> **The problem**: Would you retype exactly the lines below, starting with the one that has "із ноткою вишуканості." and going on through the one that has "当日,由内地奥运健儿访港代表", with no pictures and nothing else?

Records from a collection
====

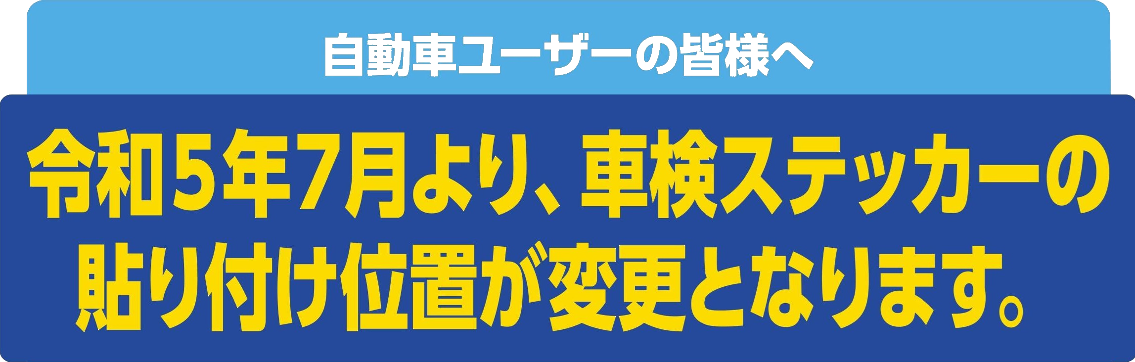・2023年(令和5年)7月より車検ステッカーの貼り付け位置が変更となります。 令和5年7月3日から検査標章 (ステッカー)の貼り付け位置
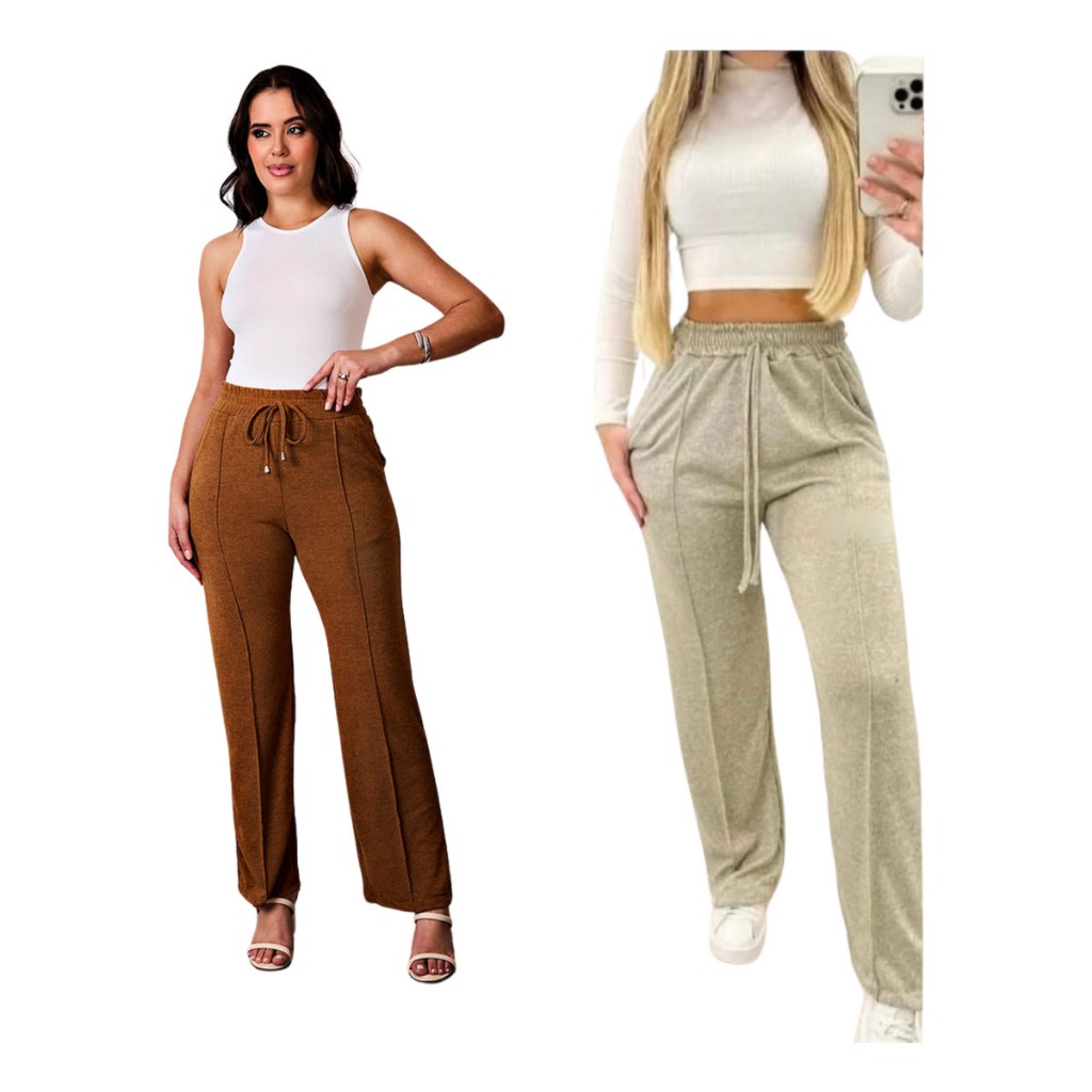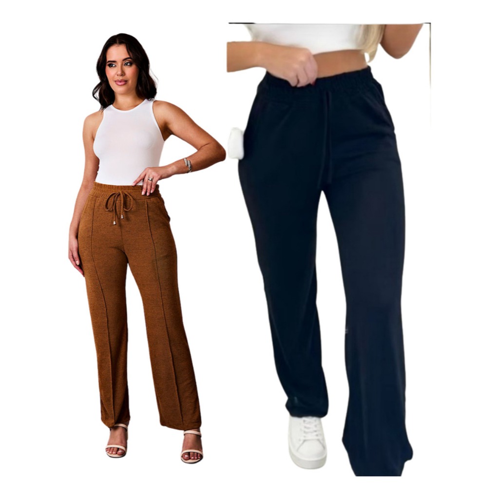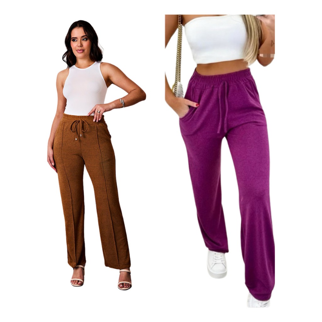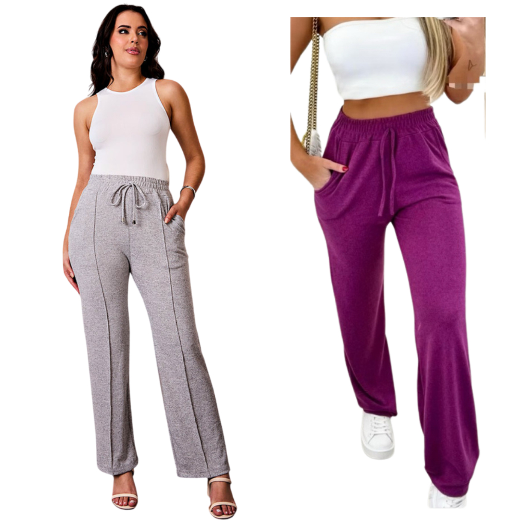 kit 2 Calça grossa Pantalona de Lã Lanzinha boca larga Confortável Calça Feminina dia a dia
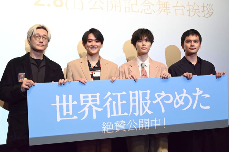 北村匠海(DISH//)が脚本・監督を務める映画「世界征服やめた」の公開記念舞台挨拶が本日2月7日に東京・ヒューマントラストシネマ渋谷で行われ、北村監督、主演の萩原利久と藤堂日向、井浦新が登壇した。
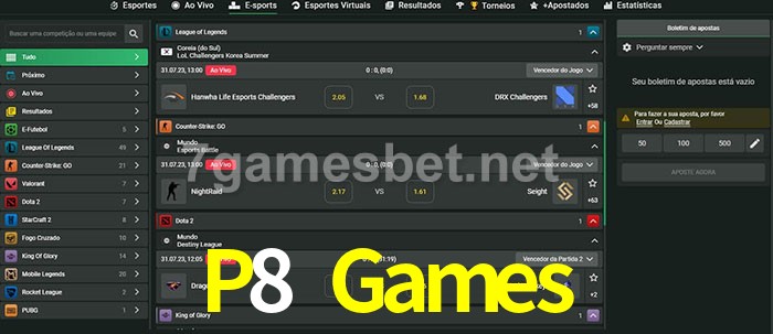 A aposta P8 Games oferece aos jogadores a experiência mais conveniente de apostas em eSports!
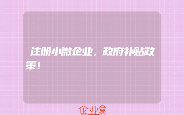 - 注册小微企业,政府补贴政策!
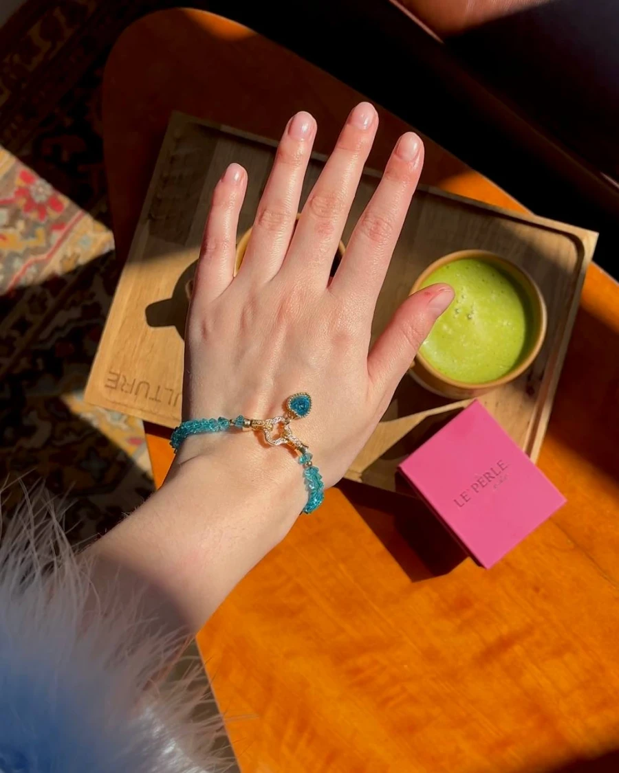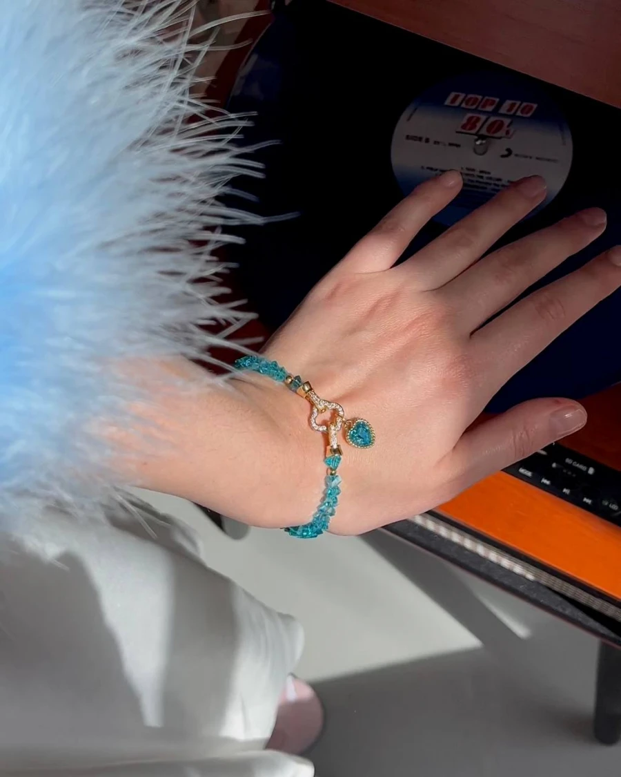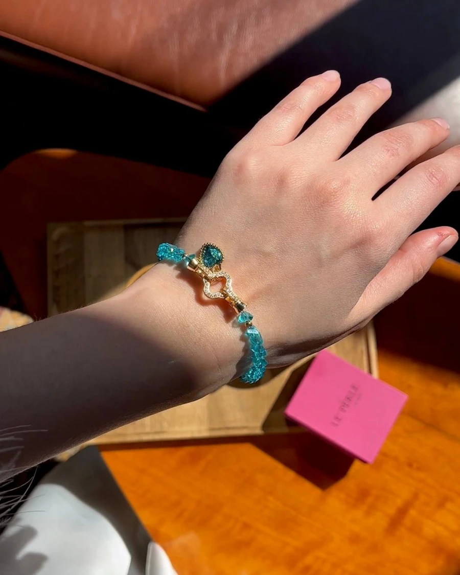 Браслет "Blue Clover" — витончений акцент у вашому стилі, виконаний з ювелірного скла та медсплаву з позолотою. Лаконічний дизайн доповнює елегантна тогл-застібка, що забезпечує зручність і надійність. Ідеальний вибір для тих, хто цінує мінімалізм із ноткою вишуканості.
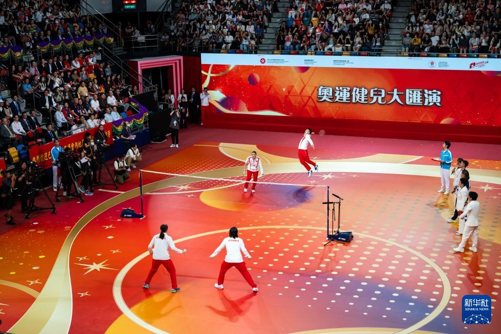 当日,由内地奥运健儿访港代表团参加的“奥运健儿大汇演”在香港伊利沙伯体育馆成功举办。健儿们各展绝技,为香港观众献上一场丰富多彩的体育盛宴。
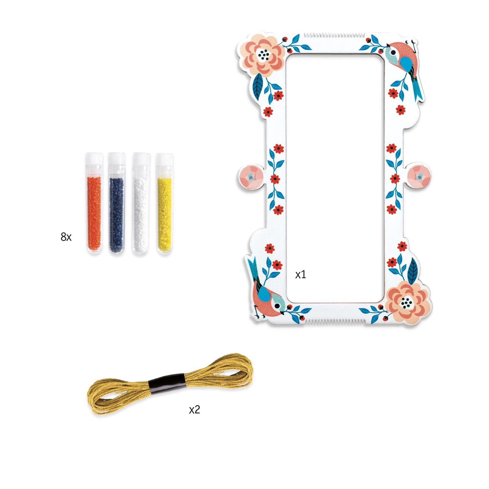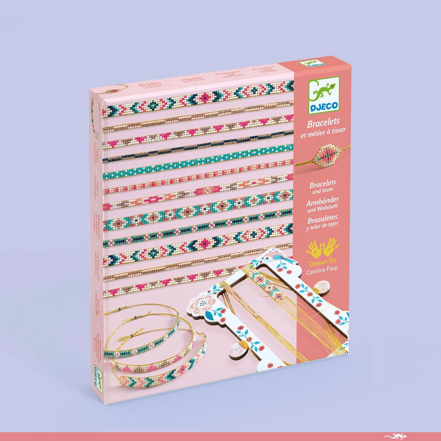 W zestawie znajduje się: instrukcja "krok po kroku" -mini krosno – 2 złote sznureczki
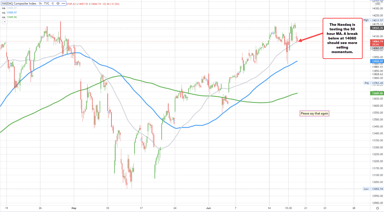 The Nasdaq index has moved back lower after a rebound from opening levels. The price is back down retesting the 50 hour MA at 14060 area. A move below that MA, should solicit more selling momentum.
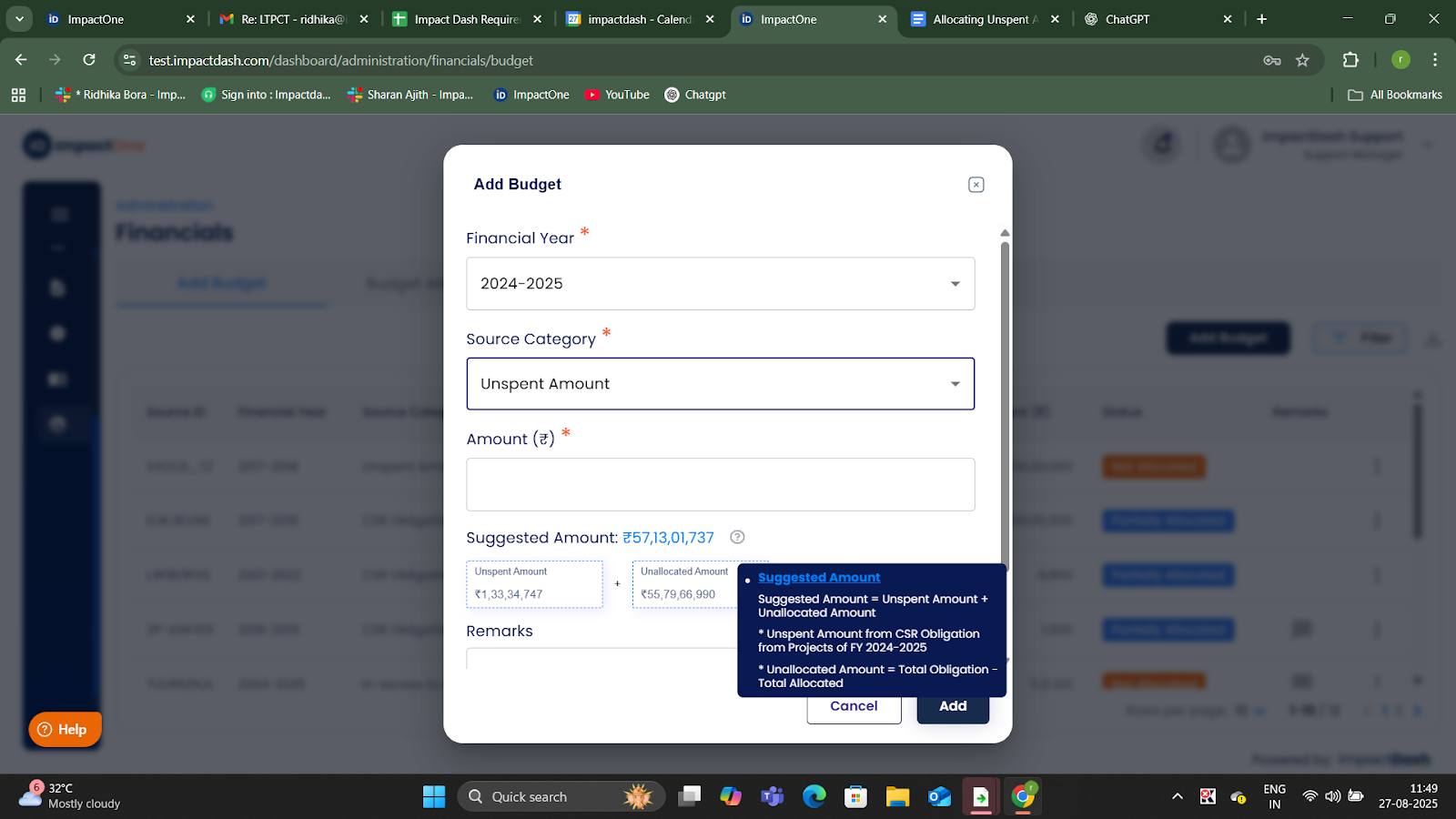 Add Budget: Click on ‘Add Budget’.A pop-up window will appear prompting you to fill in the budget details.In the pop-up, choose the ‘Unspent Amount’ as source category.
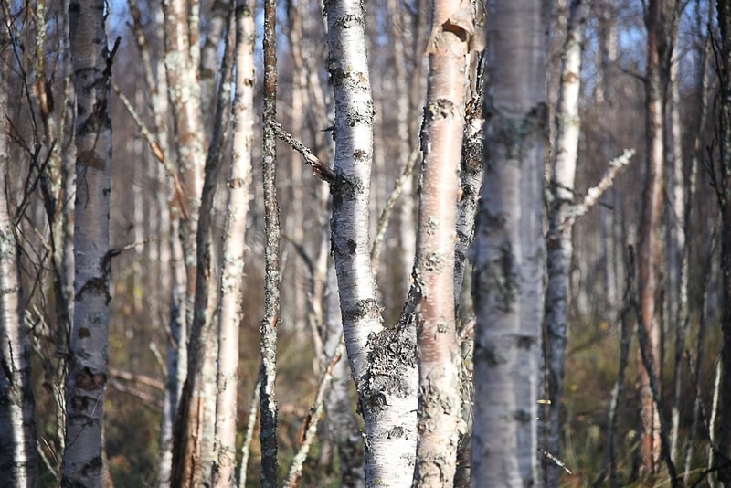 Mies veti vesakkoterällä vatukon alas ja kaatoi metsästä pienempiä, pystyyn kuolleita koivuja.

====

> **Solution to the problem**:
 Браслет "Blue Clover" — витончений акцент у вашому стилі, виконаний з ювелірного скла та медсплаву з позолотою. Лаконічний дизайн доповнює елегантна тогл-застібка, що забезпечує зручність і надійність. Ідеальний вибір для тих, хто цінує мінімалізм із ноткою вишуканості.
 当日,由内地奥运健儿访港代表团参加的“奥运健儿大汇演”在香港伊利沙伯体育馆成功举办。健儿们各展绝技,为香港观众献上一场丰富多彩的体育盛宴。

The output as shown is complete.